This exercise calls for the data below to be retyped exactly, minus any images.
[Exercise data]
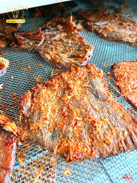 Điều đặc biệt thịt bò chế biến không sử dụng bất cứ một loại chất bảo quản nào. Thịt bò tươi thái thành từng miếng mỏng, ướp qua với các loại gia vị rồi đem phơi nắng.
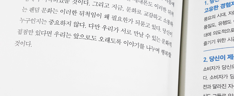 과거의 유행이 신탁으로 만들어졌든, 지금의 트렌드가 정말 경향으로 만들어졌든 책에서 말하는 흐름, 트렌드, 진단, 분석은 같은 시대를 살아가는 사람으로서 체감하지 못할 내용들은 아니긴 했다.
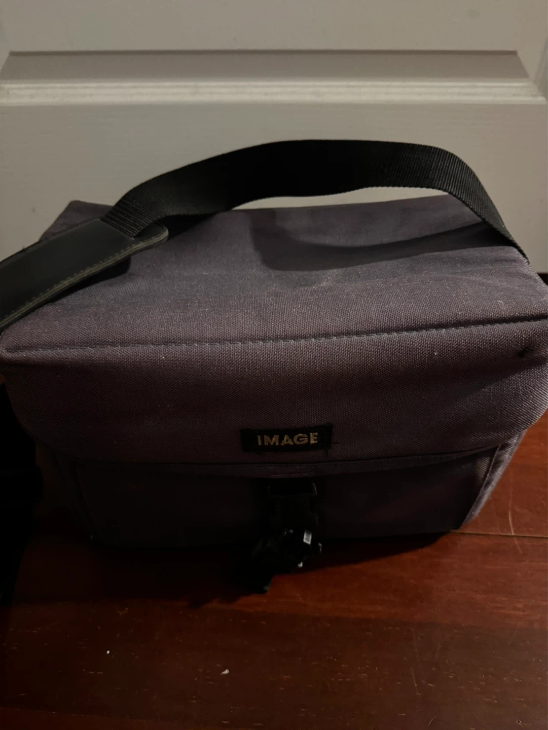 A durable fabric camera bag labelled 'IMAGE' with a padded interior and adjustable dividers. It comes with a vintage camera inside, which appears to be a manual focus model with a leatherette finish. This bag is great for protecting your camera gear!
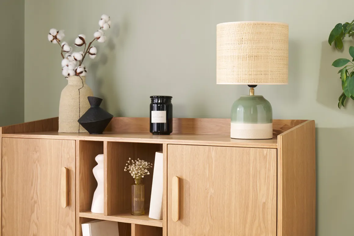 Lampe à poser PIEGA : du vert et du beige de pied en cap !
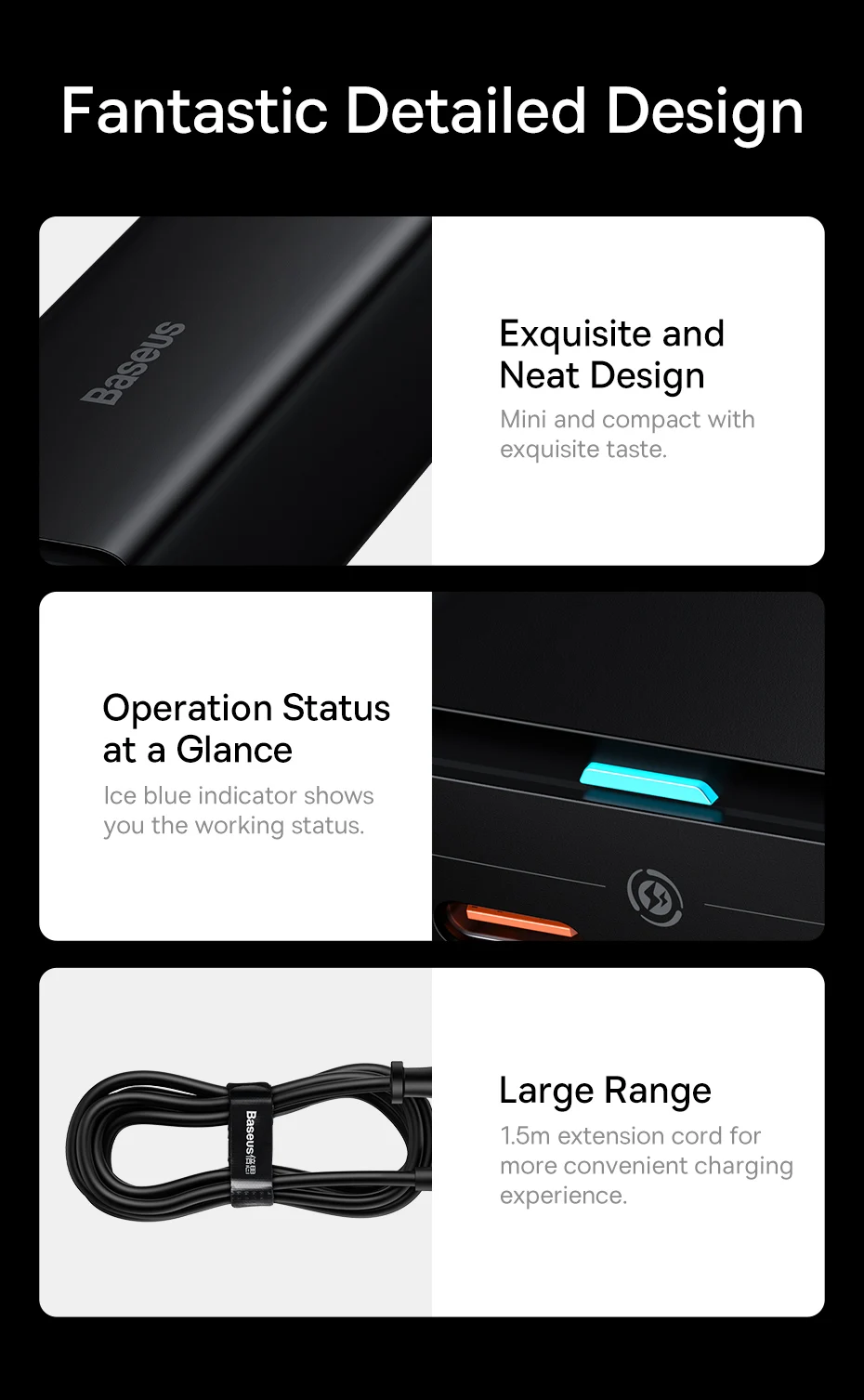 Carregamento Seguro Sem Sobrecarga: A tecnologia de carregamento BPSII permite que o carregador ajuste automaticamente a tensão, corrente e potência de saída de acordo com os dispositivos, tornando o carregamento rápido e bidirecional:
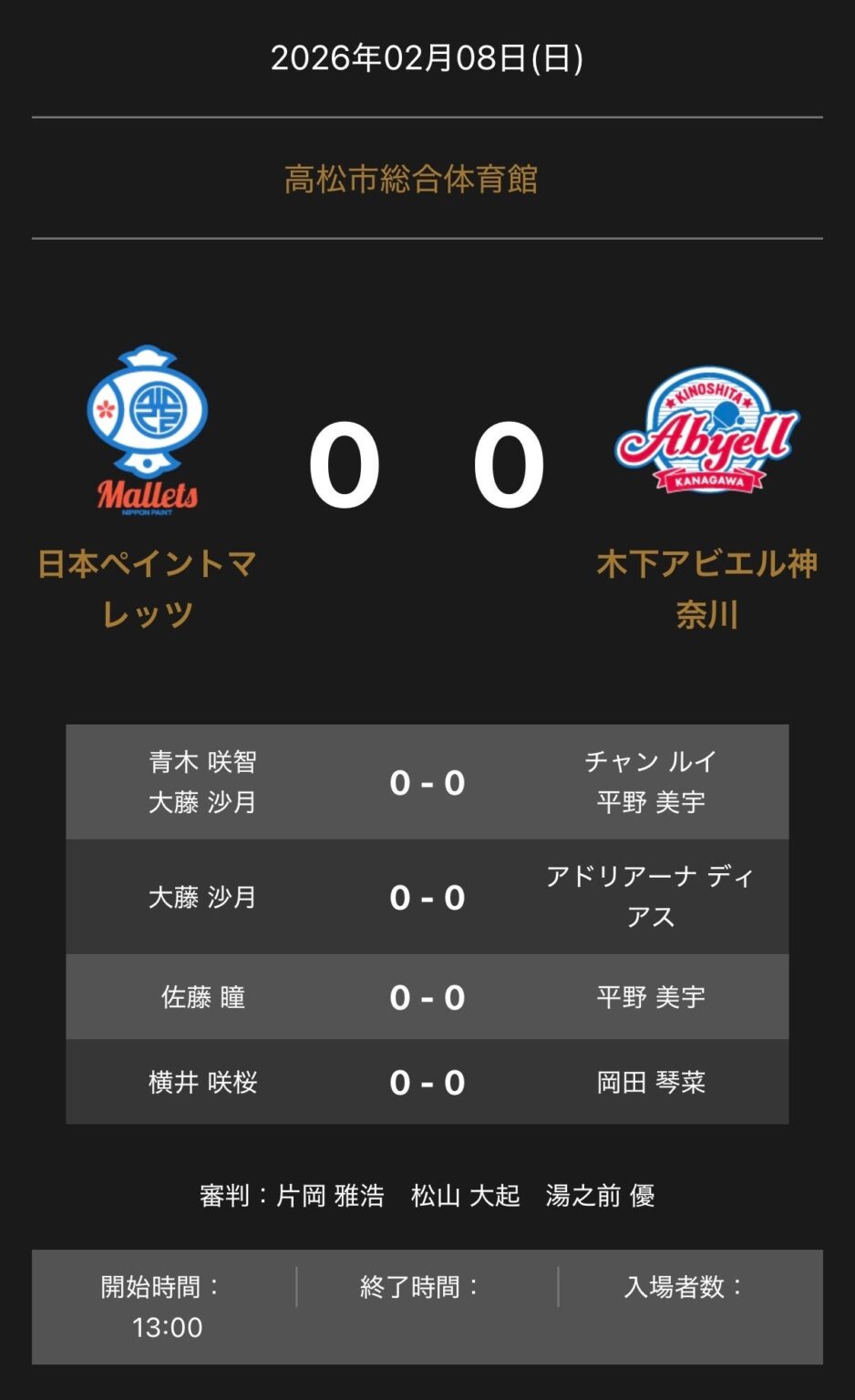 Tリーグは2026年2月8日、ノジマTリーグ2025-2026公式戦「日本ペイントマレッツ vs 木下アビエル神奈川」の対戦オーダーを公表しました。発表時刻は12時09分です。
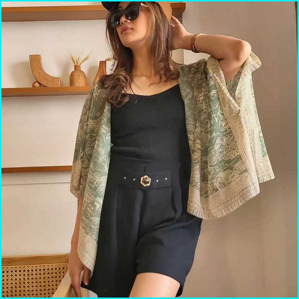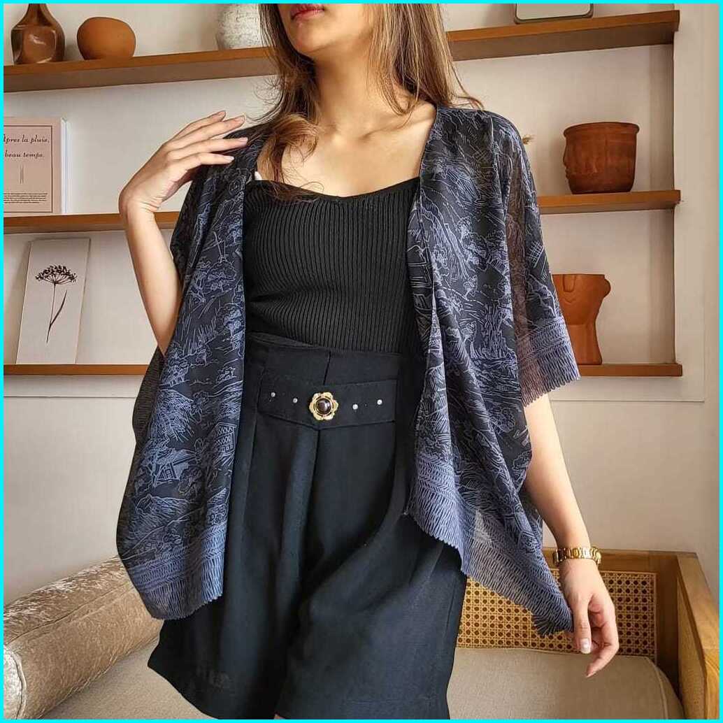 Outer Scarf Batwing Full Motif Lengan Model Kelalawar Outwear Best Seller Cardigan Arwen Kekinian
[/Exercise data]
• **Response to the exercise**
 Điều đặc biệt thịt bò chế biến không sử dụng bất cứ một loại chất bảo quản nào. Thịt bò tươi thái thành từng miếng mỏng, ướp qua với các loại gia vị rồi đem phơi nắng.
 과거의 유행이 신탁으로 만들어졌든, 지금의 트렌드가 정말 경향으로 만들어졌든 책에서 말하는 흐름, 트렌드, 진단, 분석은 같은 시대를 살아가는 사람으로서 체감하지 못할 내용들은 아니긴 했다.
 A durable fabric camera bag labelled 'IMAGE' with a padded interior and adjustable dividers. It comes with a vintage camera inside, which appears to be a manual focus model with a leatherette finish. This bag is great for protecting your camera gear!
 Lampe à poser PIEGA : du vert et du beige de pied en cap !
 Carregamento Seguro Sem Sobrecarga: A tecnologia de carregamento BPSII permite que o carregador ajuste automaticamente a tensão, corrente e potência de saída de acordo com os dispositivos, tornando o carregamento rápido e bidirecional:
 Tリーグは2026年2月8日、ノジマTリーグ2025-2026公式戦「日本ペイントマレッツ vs 木下アビエル神奈川」の対戦オーダーを公表しました。発表時刻は12時09分です。
 Outer Scarf Batwing Full Motif Lengan Model Kelalawar Outwear Best Seller Cardigan Arwen Kekinian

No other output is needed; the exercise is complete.